EIN – Interestingly Dusty Springfield’s fabulous LP ‘Dusty In Memphis’ was released on the same day January 13, 1969 that Elvis came in to American Studios to record! Featuring the same line up as Elvis’ band wasn’t ‘Son Of A Preacher Man’ a stunner?

W.J – It was one of the best of the era. There was so much music and also a lot of poverty and we all worked to earn something extra and I was one of those people.

EIN – Were you brought in for sessions or did you play for whoever came along.

W.J – Chips Moman produced Stax’s big early hit ‘Last Night’ and I played on that. He liked my horn sound and so anytime they needed horns at American they’d call us up. We also worked Muscle Shoals studios too!
At the time I’d known Elvis for lots of years and recently he had been singing those poor “Movie Songs” which we were not that excited about since we’d recently been recording three number 1 records each a week! But the songwriters really had their day with him, including Mark James and ‘Suspicious Minds.’ In fact Mark James is a good friend of mine and we wrote some songs together.

EIN – How did Chips Moman’s session work out since there were a lot of overdubs.

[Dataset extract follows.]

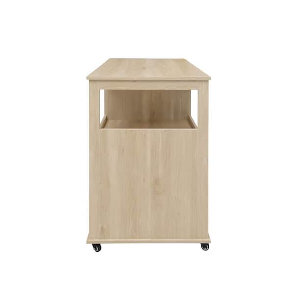 39.37 in. Natural Wood Kitchen Cart, Rolling Kitchen Island with Storage Drawer, Wine Rack and Open Shelves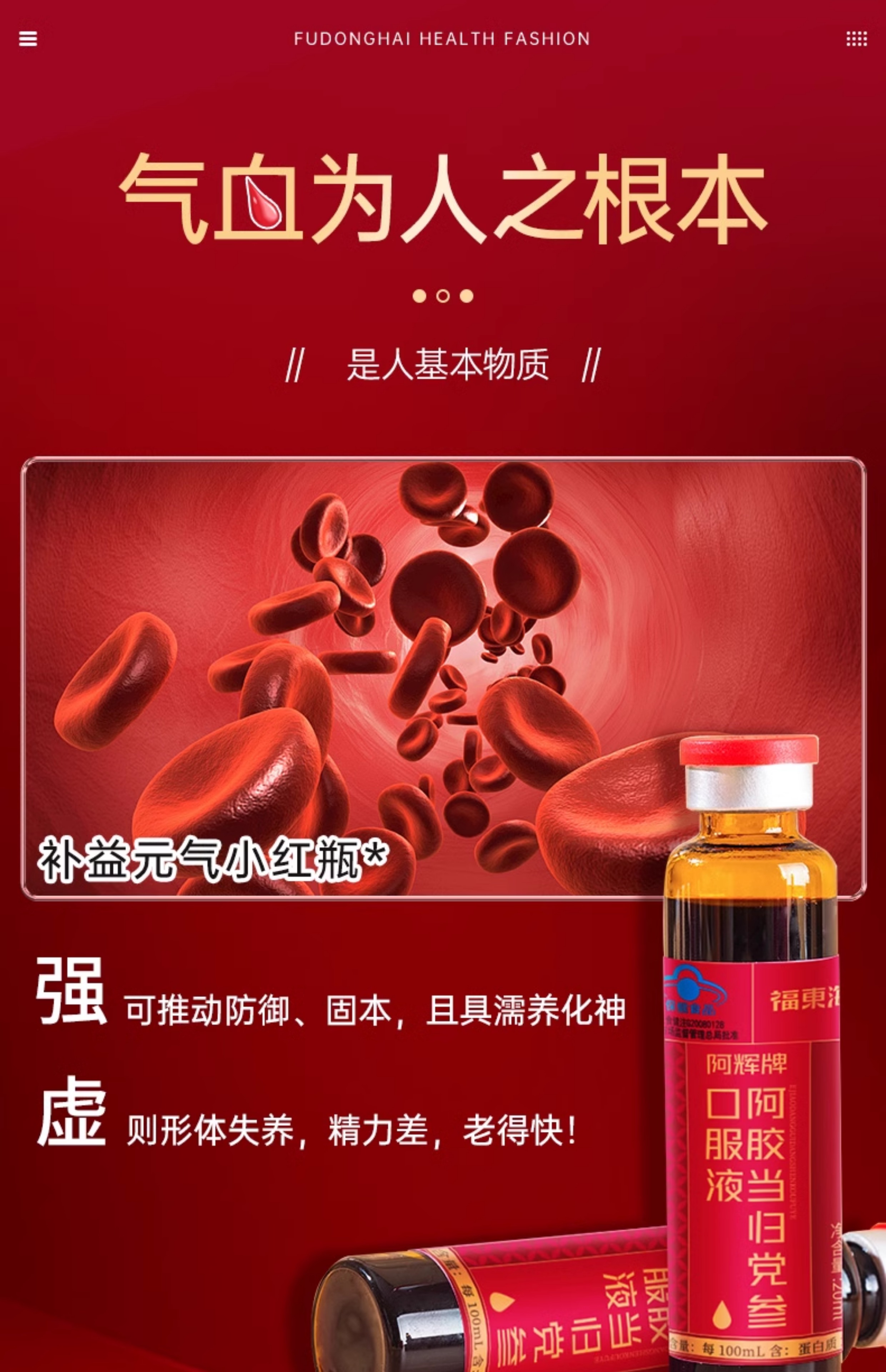 商品名称:【福东海】 阿胶当归党参口服液120ml*2盒

Were you there when Elvis recorded the vocals?

W.J – Next door was a restaurant & upstairs there was kid of a holding area. Because the studio was so small we would often go off with the Backing singers while the rhythm section worked out the backbone of the songs. We would be playing poker upstairs while they were cutting tracks downstairs. Then we would come down and Elvis would be singing and we’d put the horns in with the track. Elvis liked to sing with the horns and hear them together with the background vocals. So although we did overdub the horns on ‘In The Ghetto’ Elvis actually sang with us while we overdubbed those. You’ve got to understand that the studio was surprisingly small so that there was not much room for the band plus the horns & back-up voices.

EIN – Like Sun Studios?

W.J – Did you visit Sun Studios? Well it was just like that room – which still has all the magic hanging around in there. Sun Studios is probably the most important place in the world for Rock’n’roll and you can certainly feel that something very important happened in that room. I reckon you might even feel it even if you didn’t know what it was because there are such energies left over from all that creativity. But that all happened before I got into the business. I never got to play at Sun until Johnny Rivers did a session, Rufus Thomas too. We also worked with U2 when they recorded there in 1988 to produce their ‘Rattle & Hum’ album.